[SUPPLIED DATA Boundary: Start]

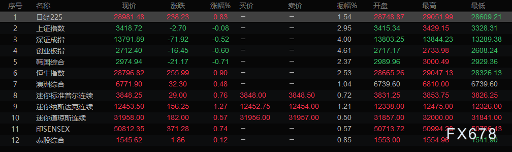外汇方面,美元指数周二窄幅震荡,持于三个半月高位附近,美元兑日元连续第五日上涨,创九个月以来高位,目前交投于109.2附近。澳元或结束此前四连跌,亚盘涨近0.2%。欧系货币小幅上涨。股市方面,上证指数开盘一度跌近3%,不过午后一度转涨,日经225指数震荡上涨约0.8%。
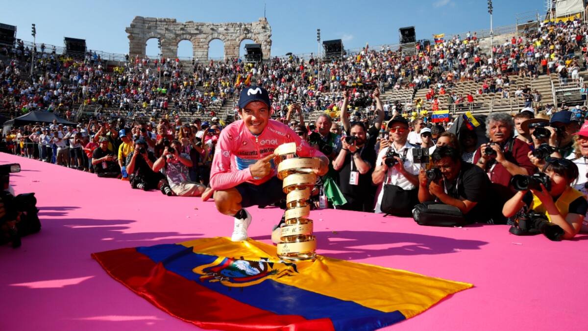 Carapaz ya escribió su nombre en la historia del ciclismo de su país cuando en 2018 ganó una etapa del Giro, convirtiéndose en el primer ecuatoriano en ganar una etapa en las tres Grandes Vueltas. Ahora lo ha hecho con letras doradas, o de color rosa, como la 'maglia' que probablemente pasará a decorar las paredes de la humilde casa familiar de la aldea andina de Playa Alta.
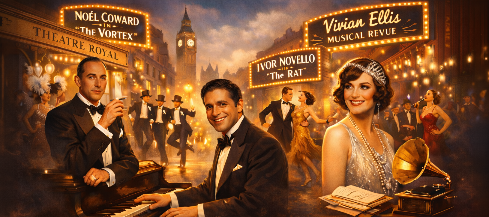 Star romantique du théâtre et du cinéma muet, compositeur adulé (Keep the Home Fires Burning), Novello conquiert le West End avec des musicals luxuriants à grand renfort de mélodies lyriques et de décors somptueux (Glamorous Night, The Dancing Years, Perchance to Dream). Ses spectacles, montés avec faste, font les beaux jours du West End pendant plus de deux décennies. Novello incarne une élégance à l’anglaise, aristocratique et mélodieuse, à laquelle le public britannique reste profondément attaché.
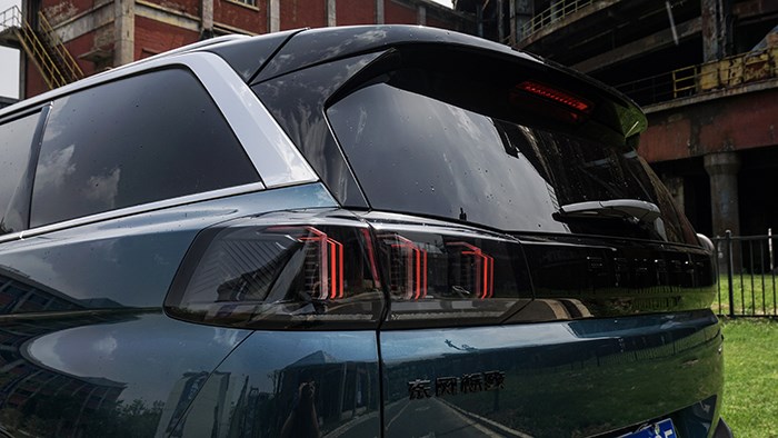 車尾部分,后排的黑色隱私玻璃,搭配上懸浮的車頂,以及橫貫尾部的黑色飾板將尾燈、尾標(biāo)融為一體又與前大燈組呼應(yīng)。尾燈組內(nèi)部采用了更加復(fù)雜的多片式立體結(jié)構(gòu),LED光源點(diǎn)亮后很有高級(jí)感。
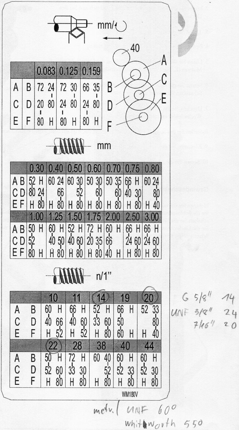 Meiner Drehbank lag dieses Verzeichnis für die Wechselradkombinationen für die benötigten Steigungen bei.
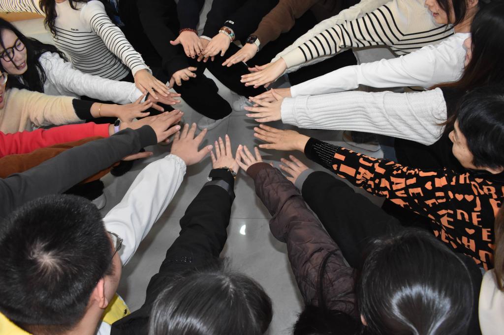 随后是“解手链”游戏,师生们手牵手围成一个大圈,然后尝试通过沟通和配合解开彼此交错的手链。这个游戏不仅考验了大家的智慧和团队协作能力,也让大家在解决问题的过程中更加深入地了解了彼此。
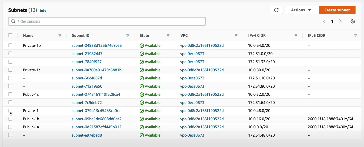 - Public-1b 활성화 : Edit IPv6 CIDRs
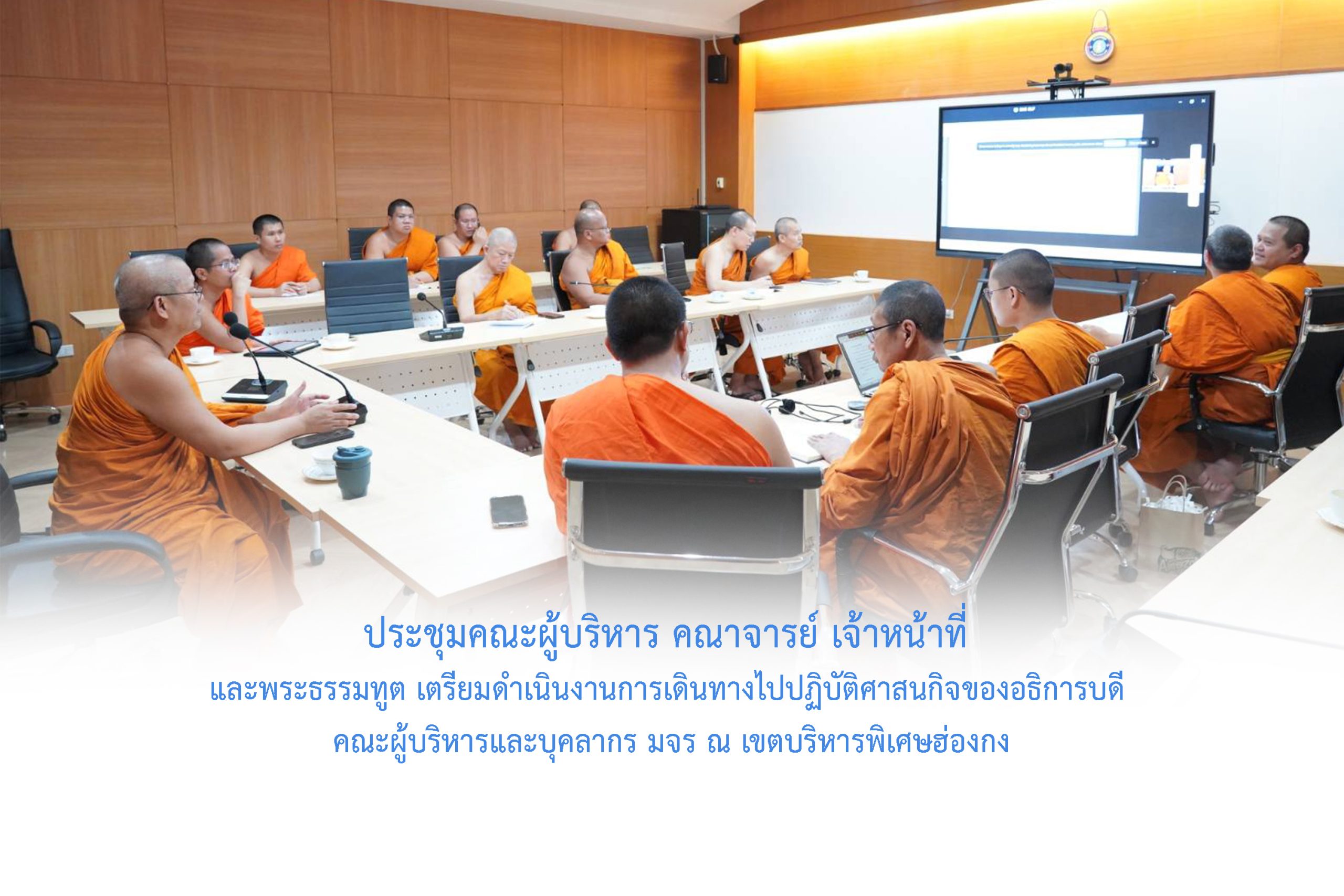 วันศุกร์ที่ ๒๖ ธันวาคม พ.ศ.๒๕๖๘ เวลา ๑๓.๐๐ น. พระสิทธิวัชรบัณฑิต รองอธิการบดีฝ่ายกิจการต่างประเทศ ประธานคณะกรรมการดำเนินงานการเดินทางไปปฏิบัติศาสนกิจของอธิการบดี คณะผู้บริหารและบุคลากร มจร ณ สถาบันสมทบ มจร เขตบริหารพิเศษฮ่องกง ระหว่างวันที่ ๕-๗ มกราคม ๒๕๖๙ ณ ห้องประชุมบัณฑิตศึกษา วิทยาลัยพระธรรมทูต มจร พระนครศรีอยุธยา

[SUPPLIED DATA Boundary: End]
[SUPPLIED DATA Boundary: Start]

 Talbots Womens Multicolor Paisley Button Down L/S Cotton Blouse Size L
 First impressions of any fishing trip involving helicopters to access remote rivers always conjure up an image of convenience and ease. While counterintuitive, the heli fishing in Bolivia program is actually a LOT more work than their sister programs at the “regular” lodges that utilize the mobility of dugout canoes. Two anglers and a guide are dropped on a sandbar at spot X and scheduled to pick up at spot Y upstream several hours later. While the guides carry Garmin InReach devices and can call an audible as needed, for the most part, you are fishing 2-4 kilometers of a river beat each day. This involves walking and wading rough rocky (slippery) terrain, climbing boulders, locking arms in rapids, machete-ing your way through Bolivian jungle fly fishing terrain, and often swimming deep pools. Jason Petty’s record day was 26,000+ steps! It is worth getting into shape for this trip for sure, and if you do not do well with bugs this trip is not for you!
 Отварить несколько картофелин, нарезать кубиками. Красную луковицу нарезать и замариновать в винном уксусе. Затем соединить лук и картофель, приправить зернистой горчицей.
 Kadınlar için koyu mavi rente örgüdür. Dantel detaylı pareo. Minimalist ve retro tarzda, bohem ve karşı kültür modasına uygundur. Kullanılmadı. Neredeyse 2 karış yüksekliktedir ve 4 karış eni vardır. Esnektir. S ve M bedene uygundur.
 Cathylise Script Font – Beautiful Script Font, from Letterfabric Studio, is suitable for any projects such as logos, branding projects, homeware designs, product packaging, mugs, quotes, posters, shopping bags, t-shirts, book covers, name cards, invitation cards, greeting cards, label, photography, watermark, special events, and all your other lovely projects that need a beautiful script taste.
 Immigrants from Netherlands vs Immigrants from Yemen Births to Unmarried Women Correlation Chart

[SUPPLIED DATA Boundary: End]

§ EXERCISE: Reproduce exactly the entries above, limited to the lines from the one with "First impressions of" through the one with "Отварить несколько картофелин, нарезать", both included.

§ YOUR RESPONSE:
 First impressions of any fishing trip involving helicopters to access remote rivers always conjure up an image of convenience and ease. While counterintuitive, the heli fishing in Bolivia program is actually a LOT more work than their sister programs at the “regular” lodges that utilize the mobility of dugout canoes. Two anglers and a guide are dropped on a sandbar at spot X and scheduled to pick up at spot Y upstream several hours later. While the guides carry Garmin InReach devices and can call an audible as needed, for the most part, you are fishing 2-4 kilometers of a river beat each day. This involves walking and wading rough rocky (slippery) terrain, climbing boulders, locking arms in rapids, machete-ing your way through Bolivian jungle fly fishing terrain, and often swimming deep pools. Jason Petty’s record day was 26,000+ steps! It is worth getting into shape for this trip for sure, and if you do not do well with bugs this trip is not for you!
 Отварить несколько картофелин, нарезать кубиками. Красную луковицу нарезать и замариновать в винном уксусе. Затем соединить лук и картофель, приправить зернистой горчицей.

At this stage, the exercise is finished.